**Exercise**.
All lines from the top of the records below through the line holding "Replica of a", and only those, should be printed exactly, minus the pictures.

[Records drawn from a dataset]
▬▬▬▬▬▬▬▬▬▬
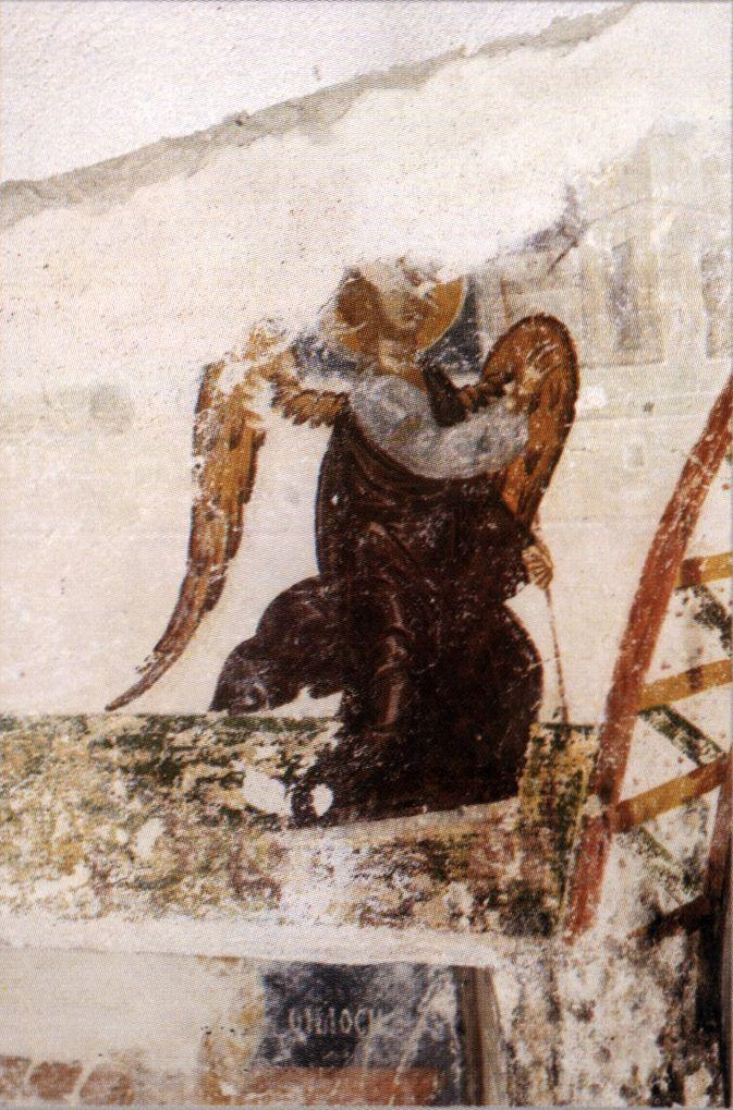 Panagouda Church in Theologos in Thasos Fresco
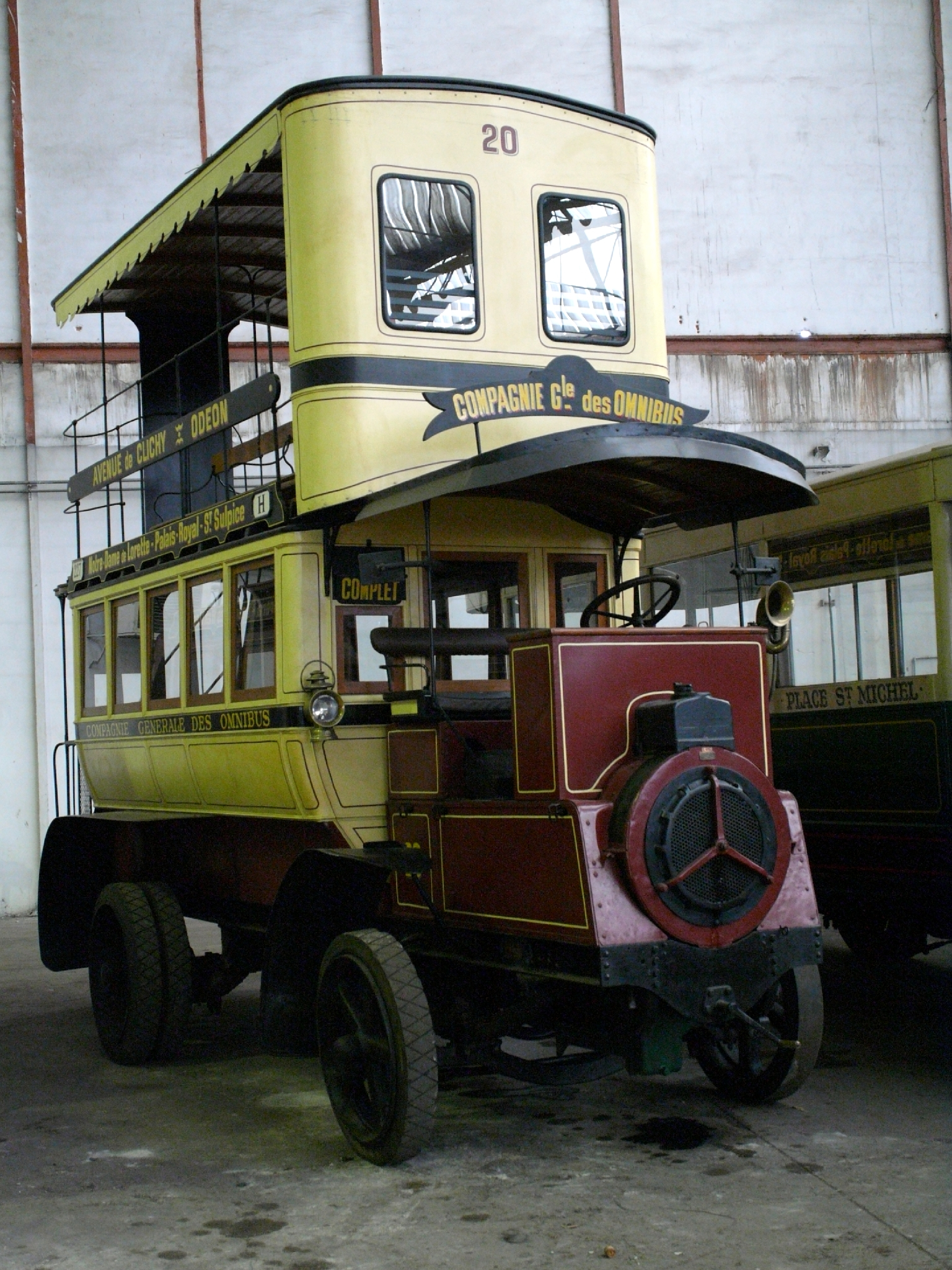 Replica of a Brillié-Schneider P2 builded for the Compagnie générale des omnibus, parisian transportation company early in the 20th century
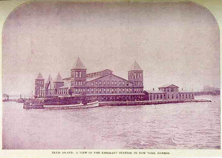 First Ellis Island Immigration Station in New York Harbor. Opened January 2, 1892. Completely destroyed by fire on 15 June 1897.
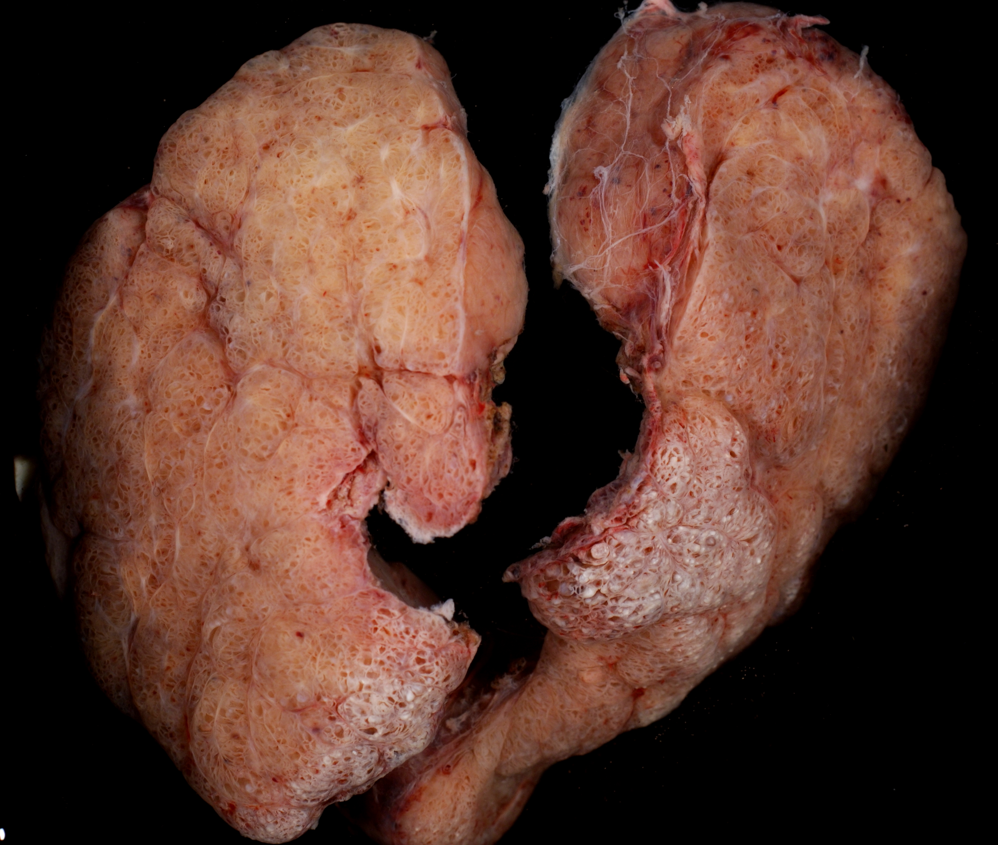 Immersed in absolute alcohol, the cut surface of this specimen demonstrates the follicular architecture very nicely. Choose the "Original" size to really see the detail. Pathological and histological images courtesy of Ed Uthman at flickr.
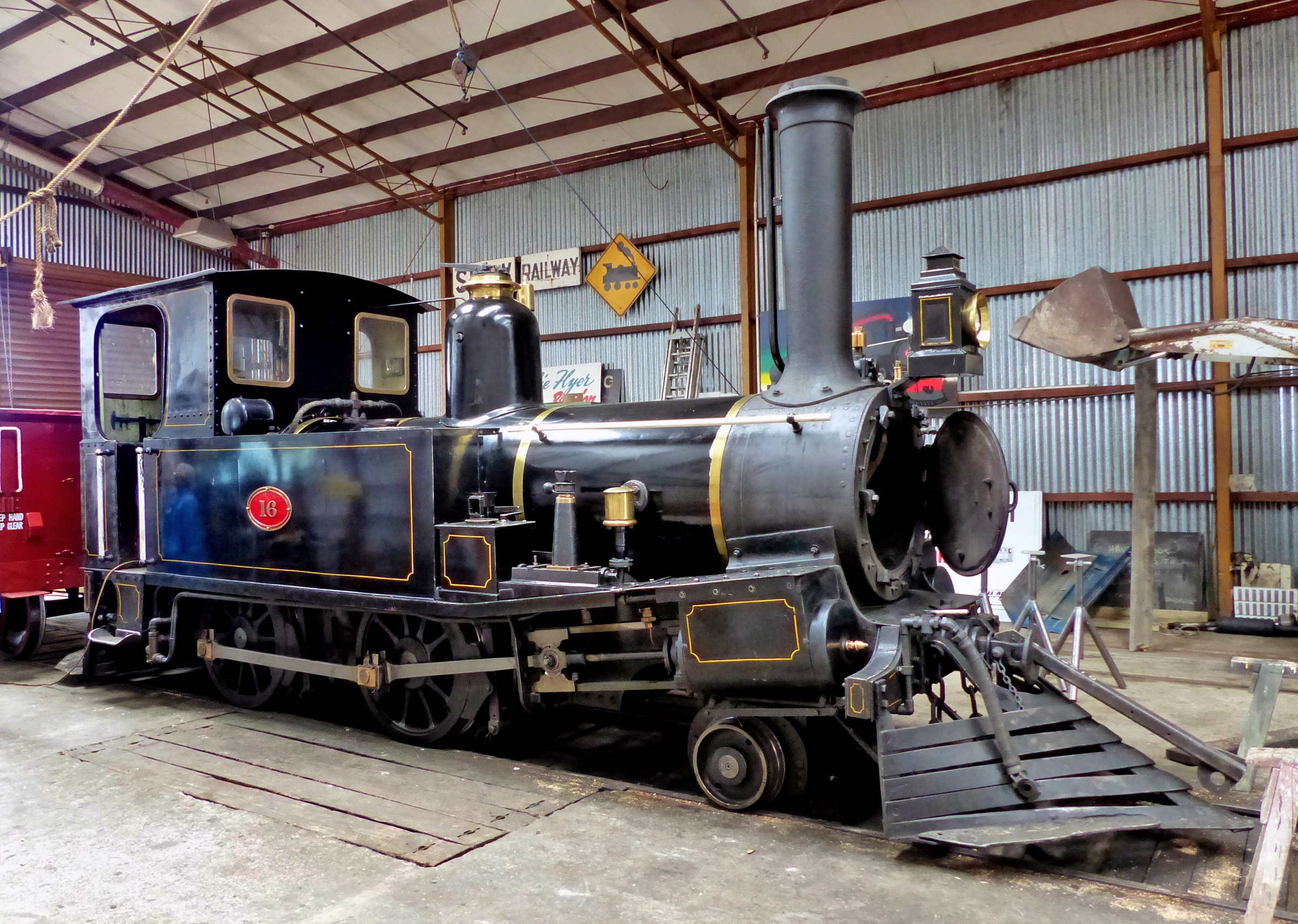 D 16 While the D doesn’t look her age, the little 2-4-0 engine was built in 1878 by the Scottish locomotive manufacturers Neilson and Company of Glasgow. It carries their maker's number 2306. After being shipped to New Zealand, the engine worked in various South Island locations on the New Zealand Railways system, from Christchurch to Bluff, along with stints in Timaru, Oamaru and Gore. While in those days rail was considered a swift mode of transport, a trip on the D to Christchurch took eight hours. Now, it is a two-hour journey by car. In 1913, a new boiler was fitted and the little loco worked for another five years before being sold in September 1918. It was bought by the New Zealand Refrigerating Company [later to become Waitaki International Limited] for use as a shunter at the Pukeuri Freezing Works, north of Oamaru. There it remained, giving faithful service to its new owners, until it was made redundant in the early 1970s and placed on a concrete plinth in the yard. Come 1985, and the engine was on the move once more. The management of Waitaki International Limited donated the D to the Pleasant Point Museum and Railway on the condition that it was restored to full working order. Work began immediately after it was transported to Timaru on March 23, 1985. Restoration to full working order took just over two years and cost something in the order of $15,000. After being given a new lease of life, D16 then re-commissioned at Pleasant Point on May 13, 1987. It has worked ever since and is the first of two 'D' class locomotives to be fully restored and operating in New Zealand.
▬▬▬▬▬▬▬▬▬▬
**Response to this exercise**.
 Panagouda Church in Theologos in Thasos Fresco
 Replica of a Brillié-Schneider P2 builded for the Compagnie générale des omnibus, parisian transportation company early in the 20th century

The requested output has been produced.